The total cost of our three purchases was not only more than, but
also an exact multiple of, the total amount of change than between
us we received.
What did each of our purchases cost?
*/
% File: enigma998.pl
% Author(s): Vassilis Liatsos
%
% Description: Solution for "Enigma 998: Multiple Purchases"
% in the ECLiPSe constraint programming language
% Enigma 998 appeared in:
% "New Scientist, 26 September 1998, No 2153, p49"
% See description above
%
% Use: start eclipse: eclipse
% load file by: [enigma998].
% get solution: solve(X).
%
% Date: 7 October 1998
% Copyright IC-Parc, Imperial College, UK
:- lib(ic).
solve([P1,P2,P3]):-
% Find all possible prices for purchases of each
findall(Price,possible_prices(Price,_),Prices),
[P1,P2,P3]::Prices,
TotalSpent #= P1+P2+P3,
TotalChange #= 300 - TotalSpent,
% Total cost of purchases more than total amount of change
TotalSpent #> TotalChange,
% In fact exact multiple (greater than 0)
Mul #>0,
TotalSpent #= Mul*TotalChange,
% impose an ordering on prices (which have to be different)
P1 #< P2, P2 #< P3,
% Try a multiple
indomain(Mul),
% label prices
labeling([P1,P2,P3]).
possible_prices(Price,Change):-
[Price, Change] :: 0..100,
[X50, X10, X5, X1] :: 0..1,
[X20,X2]::0..2,
X50 + X20 + X10 + X5 + X2 + X1#=4,
% Remove redundancy
X2+X1#<3, % can't have two 2p and one 1p (you could use one 5p)
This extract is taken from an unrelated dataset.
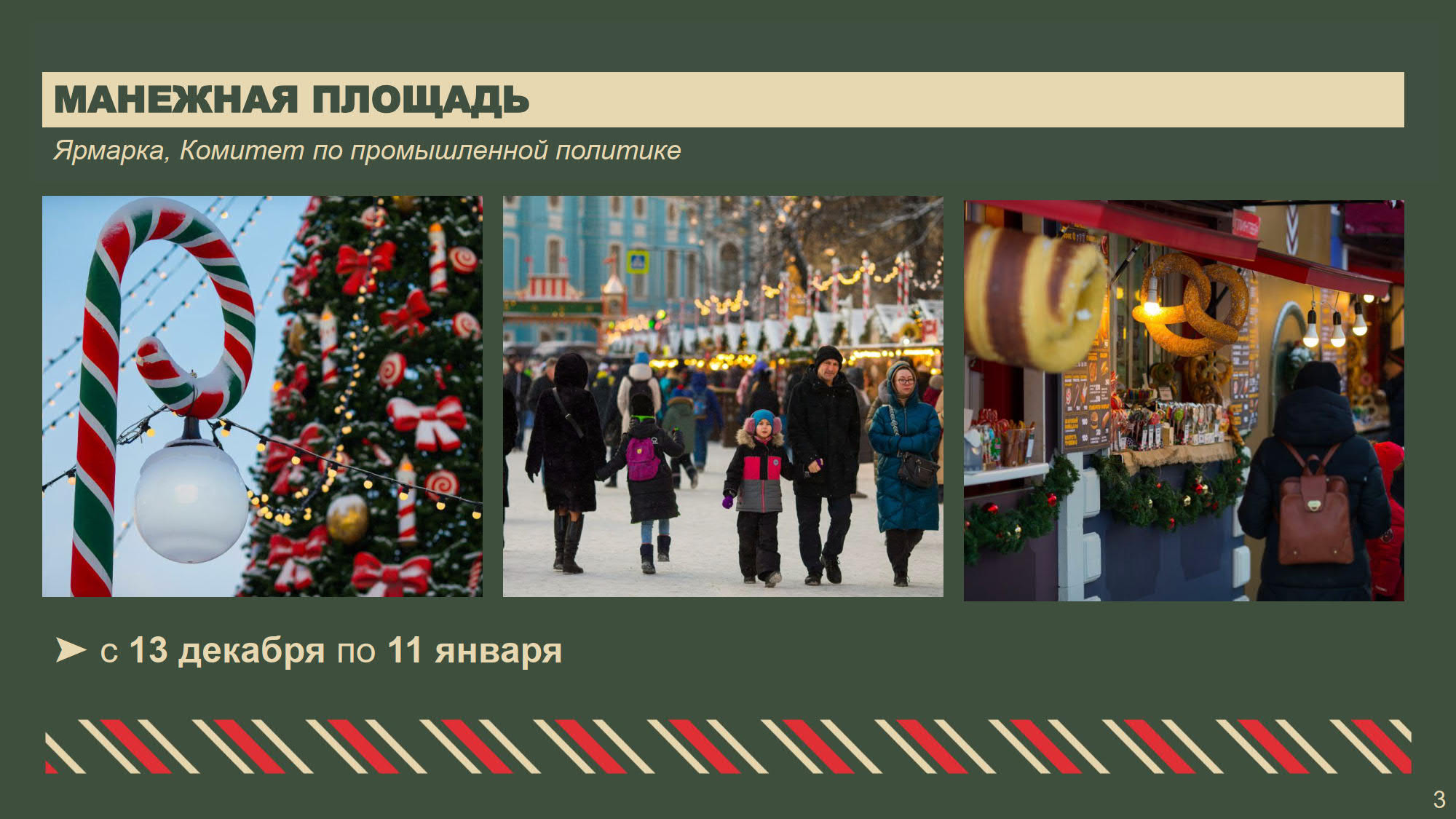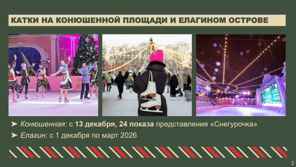 На Конюшенной площади с 13 декабря откроется ледовый каток, на Манежной, Московской и Дворцовой площадях будет работать XX Рождественская ярмарка. В прошлом году ее посетили почти полтора миллиона человек, приняли участие производители из 17 регионов страны. В этом году ярмарка продлится с 13 декабря 2025 года по 11 января 2026 года. Производителям предоставят 136 торговых мест.

X20+X10#<3, % can't have two 20p and one 10p (you could use one 50p)
% can't have one 5p, two 2p and one 1p (you could use one 10p)
% This is subsumed by X2+X1<3
% X5+X2+X1#<4,
Price #= 50 * X50 + 20 * X20 + 10 * X10 + 5 * X5 + 2 * X2 + 1 * X1,
[Y50,Y10,Y5,Y1]::0..1,
[Y20,Y2]::0..2,
Change #= 100-Price,
Change #= 50 * Y50 + 20 * Y20 + 10 * Y10 + 5 * Y5 + 2 * Y2 + 1 * Y1,
Y50+Y20+Y10+Y5+Y2+Y1 #= 4,
% Remove redundancy (same as above)
Y2+Y1#<3,
Y20+Y10#<3,
% This is subsumed by Y2+Y1<3
% Y5+Y2+Y1#<4,
% enumerate
labeling([X50,X20,X10,X5,X2,X1,Y50,Y20,Y10,Y5,Y2,Y1]).